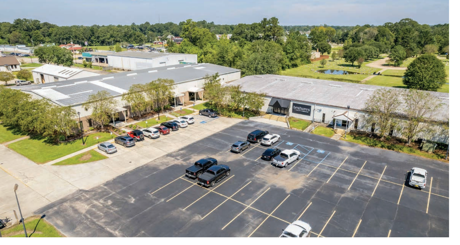
Dixie Business Development Center business incubator started in 1992 with 8,000 square feet and grew to a total 50,000 square feet. Clients can take advantage of office space and shared business services at below-market rates to get a jump start in business.
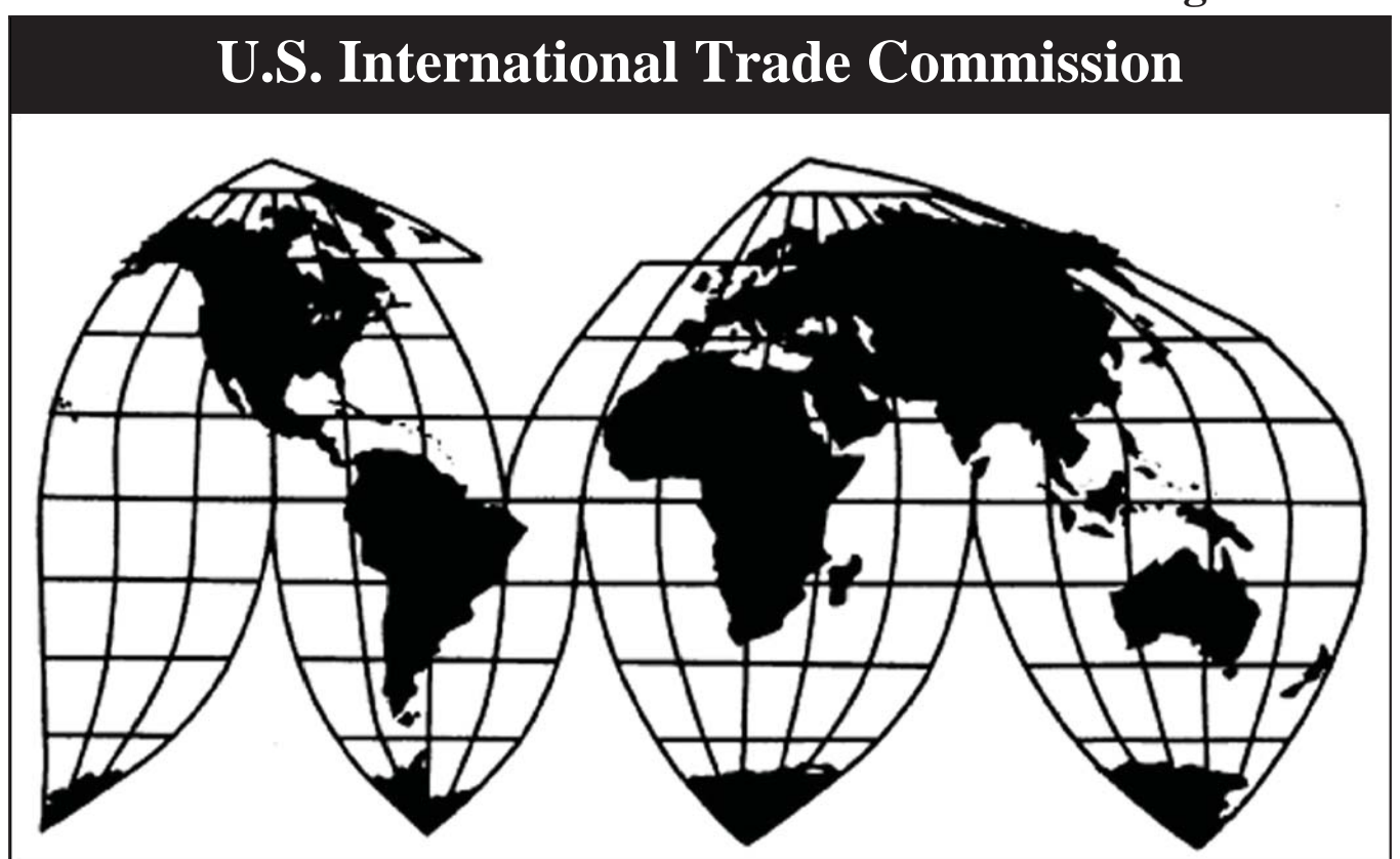
Washington, DC 20436
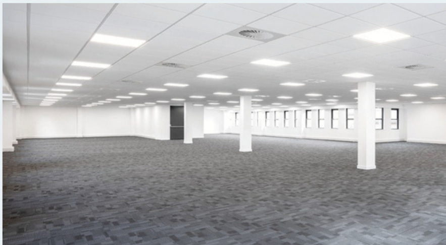
Top: Refurbished ground floor reception. Above: Refurbished open plan office space.

The infrastructure of every floor has been designed with flexibility in mind - so you can create the perfect environment for your business and your team. The latest LED lighting provides a cleaner light and dramatically reduces energy consumption. Air conditioning allows for independent heating/cooling where and when you need it and the raised floor access gives you the flexibility to configure the workspace to your precise requirements. Finally, onsite cameras provide the security your company needs.
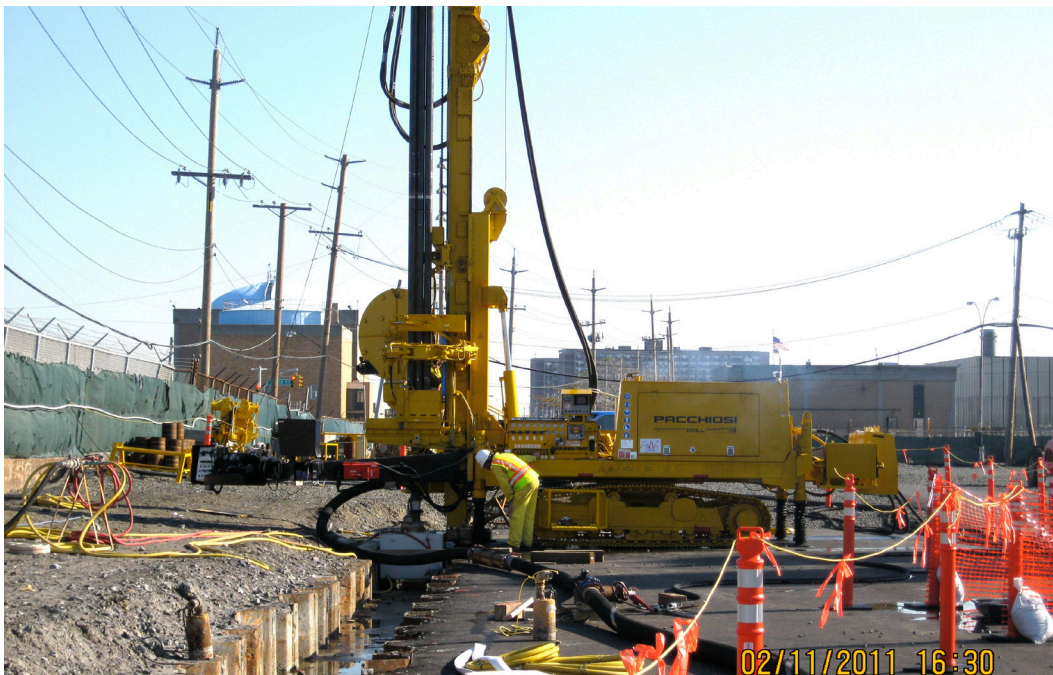
Fig. 1. P1500ECS drill rig positioning
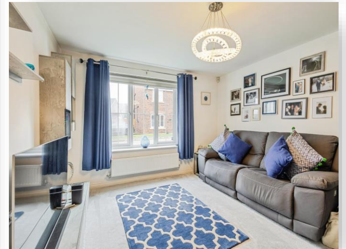
Harlequin Close, Northampton NN4 9AB
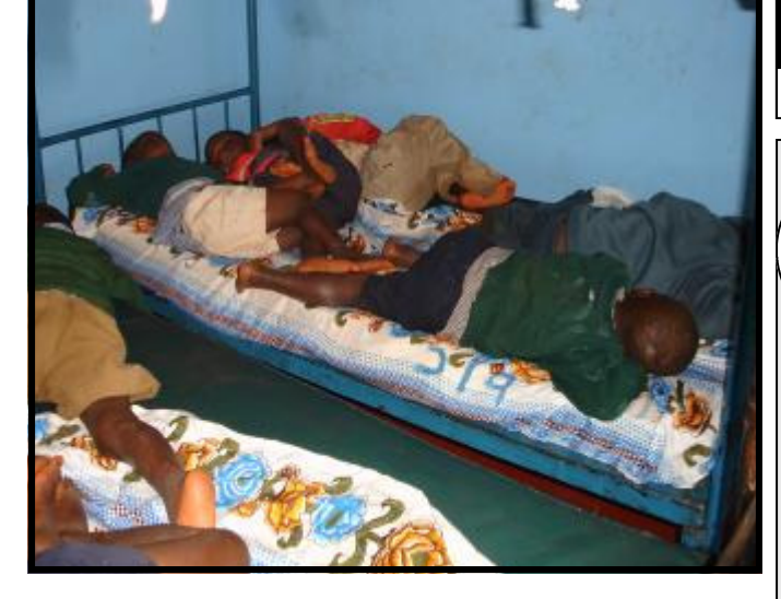
difference the love of Jesus makes!
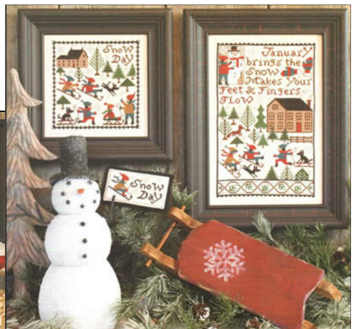
August and January

have been released—two cute designs in each leaflet
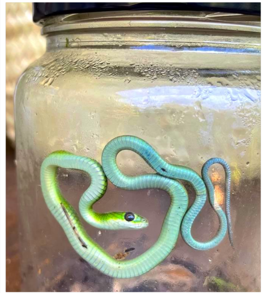
DON'T WORRY: SHE'S NOT VENOMOUS. WE FOUND THIS BATTERSBY'S GREEN SNAKE IN THE YARD. WE OBSERVED HER FOR AWHILE BEFORE RELEASING HER BACK INTO HER NATURAL HABITAT. SHE DID NOT LIKE HER CLOSED QUARTERS ONE BIT!

This image captured my attention as I gathered photos for this quarter's update: the way this snake has completely pressed its whole body up against the glass jar, looking out intently with her giant eye. It's as if every part of her is trying hard to get back to her natural habitat. Is she pressing out in hope? desperation? longing? .
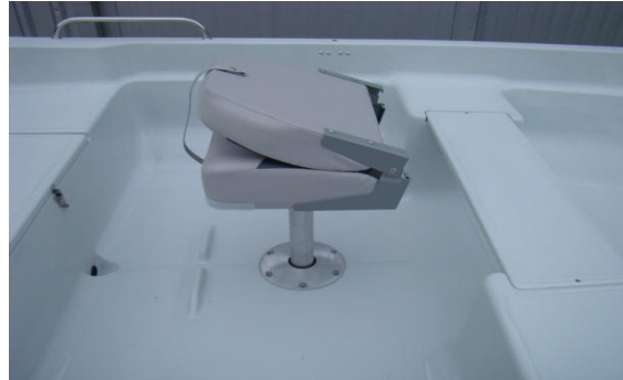
* folding swivel chair
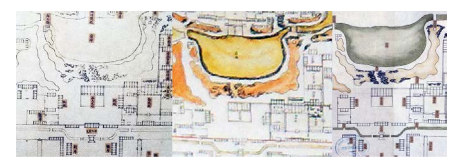
Figure 7 Drawing from Yang-Shi-Fang in late reign of Xianfeng(from Guo Daiheng, Drawing and Documents of Yang-shi-fang: Memory Heritage of Yuanmingyuan)
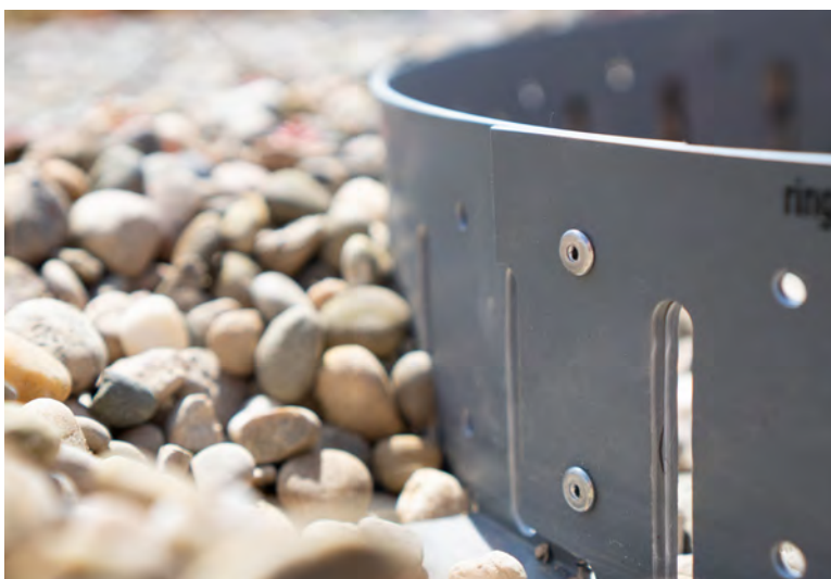
The profile is formed on site and joined with two rivets.

# [What needs to be done]
Out of the records above, pull the lines that include the word "every".

# [Task response]
The infrastructure of every floor has been designed with flexibility in mind - so you can create the perfect environment for your business and your team. The latest LED lighting provides a cleaner light and dramatically reduces energy consumption. Air conditioning allows for independent heating/cooling where and when you need it and the raised floor access gives you the flexibility to configure the workspace to your precise requirements. Finally, onsite cameras provide the security your company needs.
This image captured my attention as I gathered photos for this quarter's update: the way this snake has completely pressed its whole body up against the glass jar, looking out intently with her giant eye. It's as if every part of her is trying hard to get back to her natural habitat. Is she pressing out in hope? desperation? longing? .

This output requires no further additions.